▸ TASK REQUIREMENTS:
Reproduce the listing that follows word for word, without its pictures.

───── DATA EXTRACT

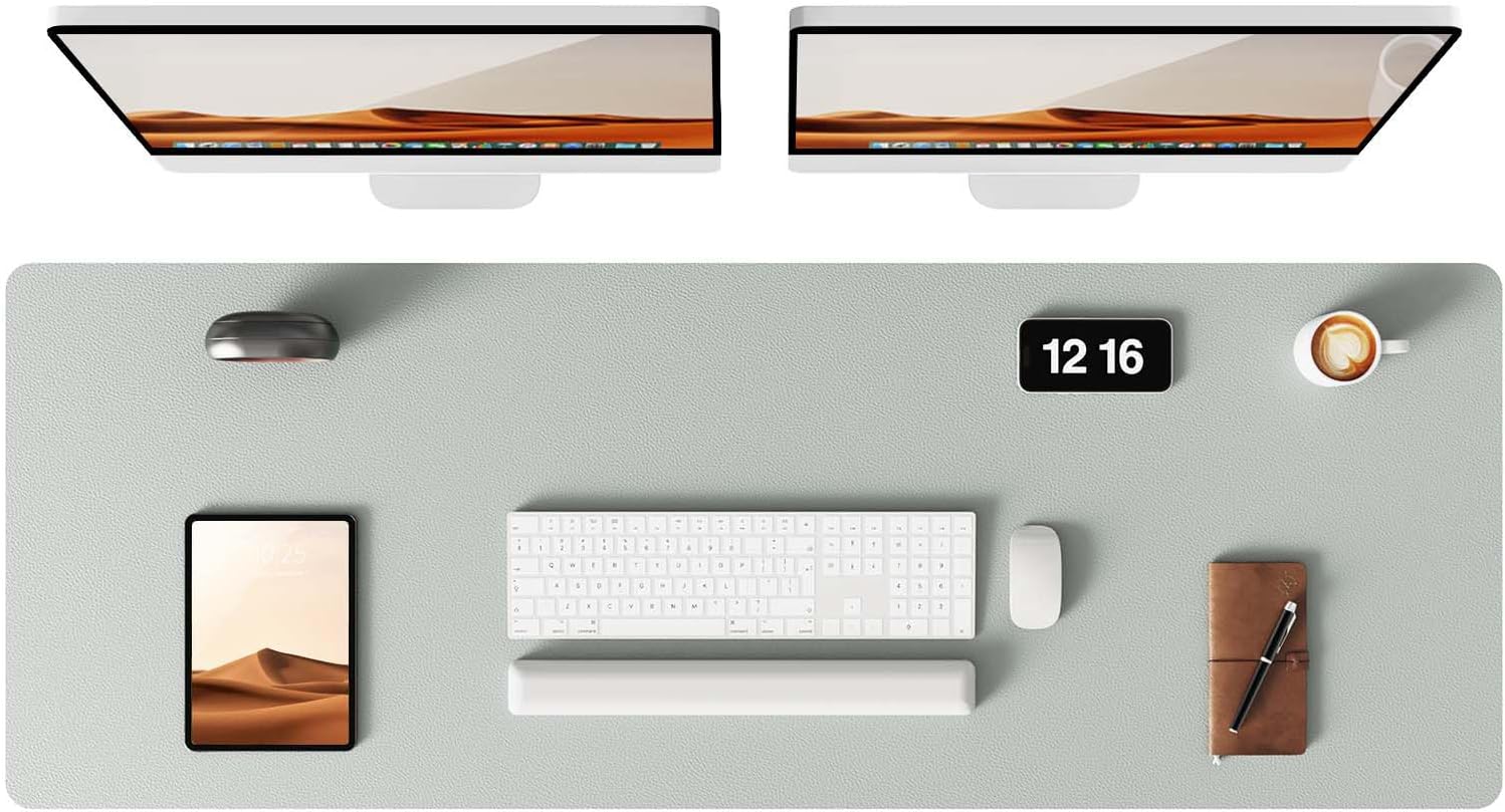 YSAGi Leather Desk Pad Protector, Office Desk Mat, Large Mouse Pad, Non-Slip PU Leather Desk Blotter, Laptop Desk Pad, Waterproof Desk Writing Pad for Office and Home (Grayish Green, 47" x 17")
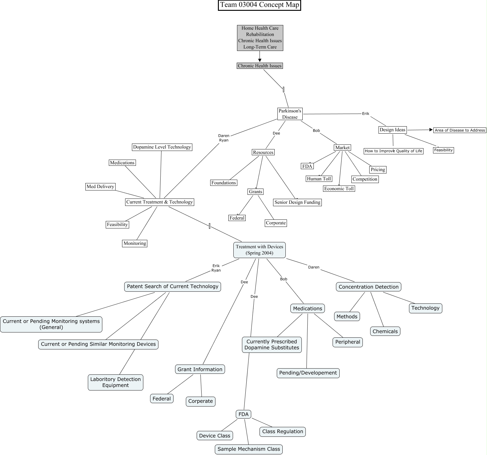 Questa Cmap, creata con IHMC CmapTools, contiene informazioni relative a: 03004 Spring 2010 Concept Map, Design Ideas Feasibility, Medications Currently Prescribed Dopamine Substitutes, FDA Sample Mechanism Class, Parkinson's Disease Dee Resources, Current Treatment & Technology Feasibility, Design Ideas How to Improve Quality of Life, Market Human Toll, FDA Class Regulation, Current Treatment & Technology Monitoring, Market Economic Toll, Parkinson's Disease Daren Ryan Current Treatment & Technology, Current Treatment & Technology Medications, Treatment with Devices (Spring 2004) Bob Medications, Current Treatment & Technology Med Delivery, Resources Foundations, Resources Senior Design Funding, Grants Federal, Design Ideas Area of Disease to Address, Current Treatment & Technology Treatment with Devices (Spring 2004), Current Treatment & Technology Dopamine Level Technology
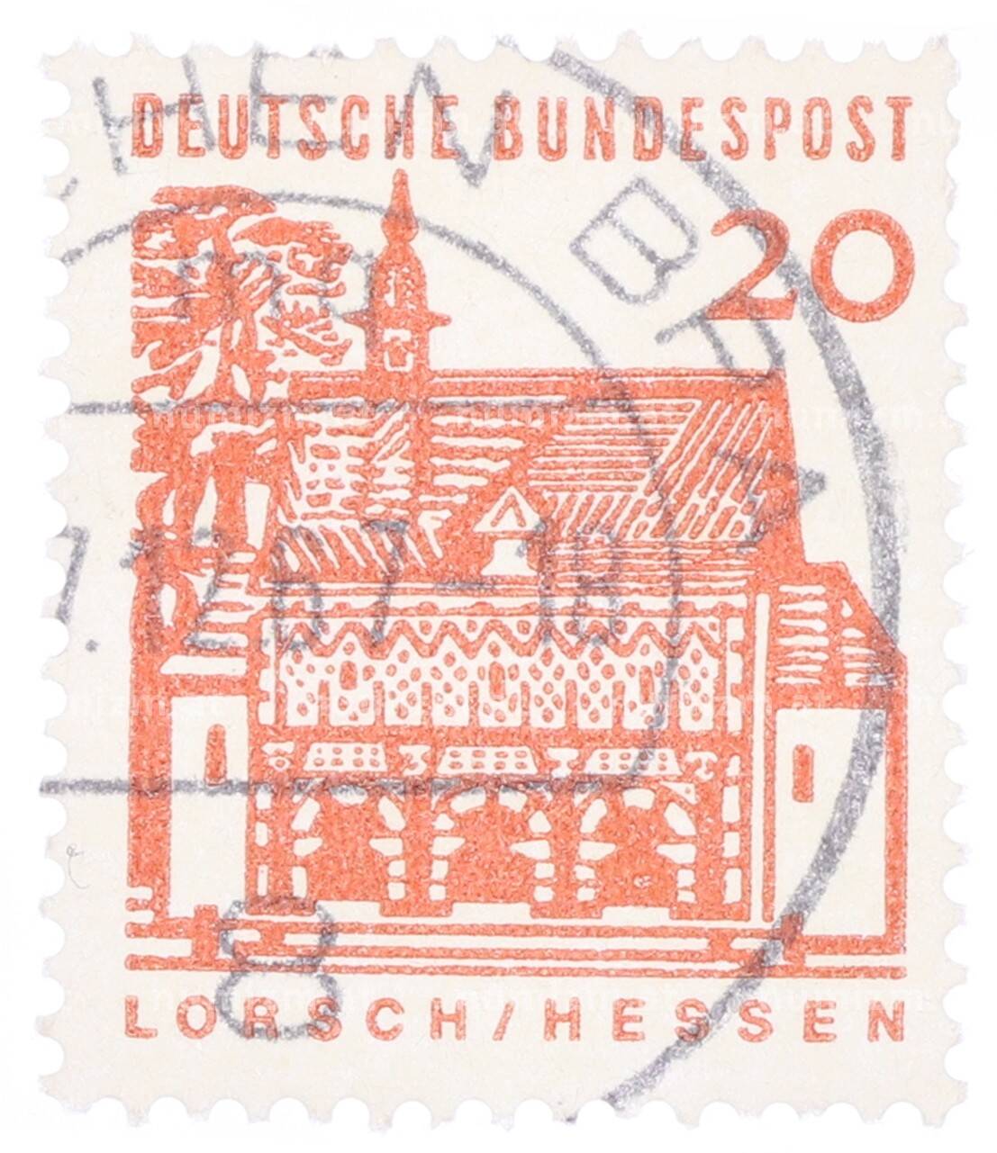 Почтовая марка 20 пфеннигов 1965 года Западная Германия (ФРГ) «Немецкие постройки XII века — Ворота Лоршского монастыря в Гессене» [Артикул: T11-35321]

──────────

▸ RESPONSE FOR THIS EXERCISE:
 YSAGi Leather Desk Pad Protector, Office Desk Mat, Large Mouse Pad, Non-Slip PU Leather Desk Blotter, Laptop Desk Pad, Waterproof Desk Writing Pad for Office and Home (Grayish Green, 47" x 17")
 Questa Cmap, creata con IHMC CmapTools, contiene informazioni relative a: 03004 Spring 2010 Concept Map, Design Ideas Feasibility, Medications Currently Prescribed Dopamine Substitutes, FDA Sample Mechanism Class, Parkinson's Disease Dee Resources, Current Treatment & Technology Feasibility, Design Ideas How to Improve Quality of Life, Market Human Toll, FDA Class Regulation, Current Treatment & Technology Monitoring, Market Economic Toll, Parkinson's Disease Daren Ryan Current Treatment & Technology, Current Treatment & Technology Medications, Treatment with Devices (Spring 2004) Bob Medications, Current Treatment & Technology Med Delivery, Resources Foundations, Resources Senior Design Funding, Grants Federal, Design Ideas Area of Disease to Address, Current Treatment & Technology Treatment with Devices (Spring 2004), Current Treatment & Technology Dopamine Level Technology
 Почтовая марка 20 пфеннигов 1965 года Западная Германия (ФРГ) «Немецкие постройки XII века — Ворота Лоршского монастыря в Гессене» [Артикул: T11-35321]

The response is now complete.